Figure 5 Analytical Sensitivity of EBV-MCDA-LFB using serial dilutions recombinant plasmid of the EBV. Three measurement techniques, including lateral flow biosensor (A), visual detection reagent (B), and real-time turbidity (C) were used to detect the amplification products. 1-8 represented the DNA levels of 7.0 x 104, 7.0 x 103, 7.0 x 102, 7.0 x 101, 7.0 x 100, 7.0 x 10-1, 7.0 x 10-2 copies per microliter and blank control (DW), respectively.
Optimal reaction time of the EBV-MCDA-LFB assay
Then, we identified the optimal duration time for the amplification stage of the EBV-MCDA-LFB assay. Four different reaction times (10, 20, 30, and 40 min) were examined and compared at 65°C using plasmid concentration of 7 copies per microliter as template. According to the results interpreted via VDR and LFB, the minimum time needed to detect the LoD level of EBV plasmid (7 copies per microliter) was 40 minutes (Figure 6). Thus, a 40-minute reaction time was determined to be the optimal duration for the EBV-MCDA-LFB assay.

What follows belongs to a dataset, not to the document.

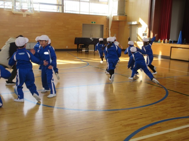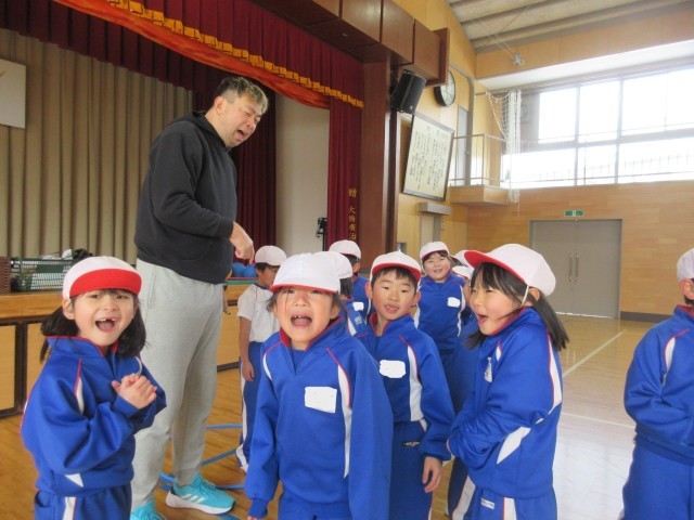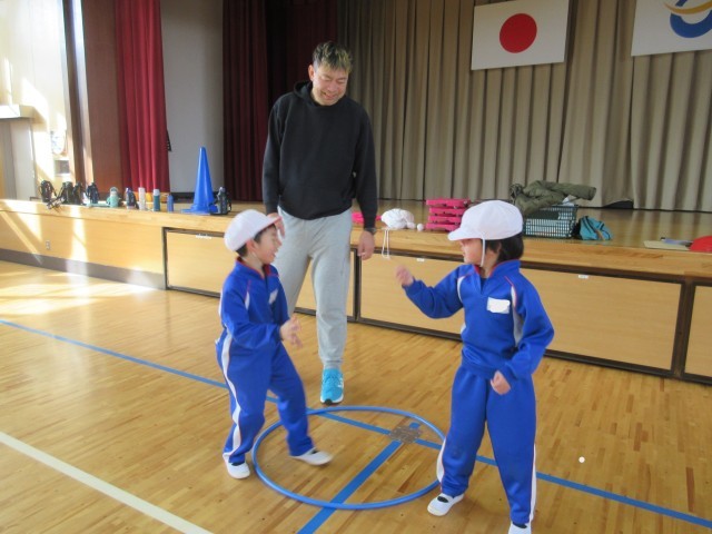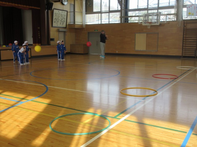 1年生も大内コーチの話をよく聞きながら、フラフープやボールを使ってたくさん身体を動かしました。

Figure 6 Optimal reaction time for EBV-MCDA-LFB Assay. Different reaction times (10, 20, 30, 40 min) were tested and compared at optimal amplification temperature (65°C) using the plasmid with a concentration of 7 copies per microliter.
Optimizing amplicon content for LFB assay
To ascertain the optimal amplicon amount for the LFB assay, the EBV-MCDA reaction was conducted using the plasmid with the concentration of 7 copies per microliter as template under the optimal reaction condition (65°C for 40 min), as determined previously. After the amplification reaction, three different volumes of the amplified products (0.5, 1, and 1.5 µl) were aspirated using a pipette gun and dropped onto the LFBs to observe the reactions on the CL and TL strips. As illustrated in Figure 7, all three LFBs, titrated with different volumes of amplified products, displayed two red lines at CL and TL within 2 minutes. In contrast, the negative control group exhibited only one red line at CL, indicating that a minimal volume of 0.5 µl of amplified product is adequate for effective detection by the LFB assay.
Figure 7 Optimal amplicon content for LFB Assay. Different volumes (0.5, 1 and 1.5 µl) of EBV-MCDA amplicon were extracted and dropped onto the LFBs to verify the sufficient content for effective detection by LFB assay; “ + “, positive; “-”, negative.
Analytical specificity of the EBV-MCDA-LFB assay
The analytical specificity of the MCDA-LFB assay was assessed using 21 non-EBV pathogens. As shown in Figure 8, two red lines (CL and TL) were visible on the LFBs when EBV standard plasmids and clinical sample were used as templates. In contrast, only one red line (CL) appeared on all non-EBV genomic DNA and blank control bands, indicating negative results. These findings were consistent with those from the VDR method, confirming that the EBV-MCDA-LFB assay accurately detected EBV pathogen with a 100% analytical specificity.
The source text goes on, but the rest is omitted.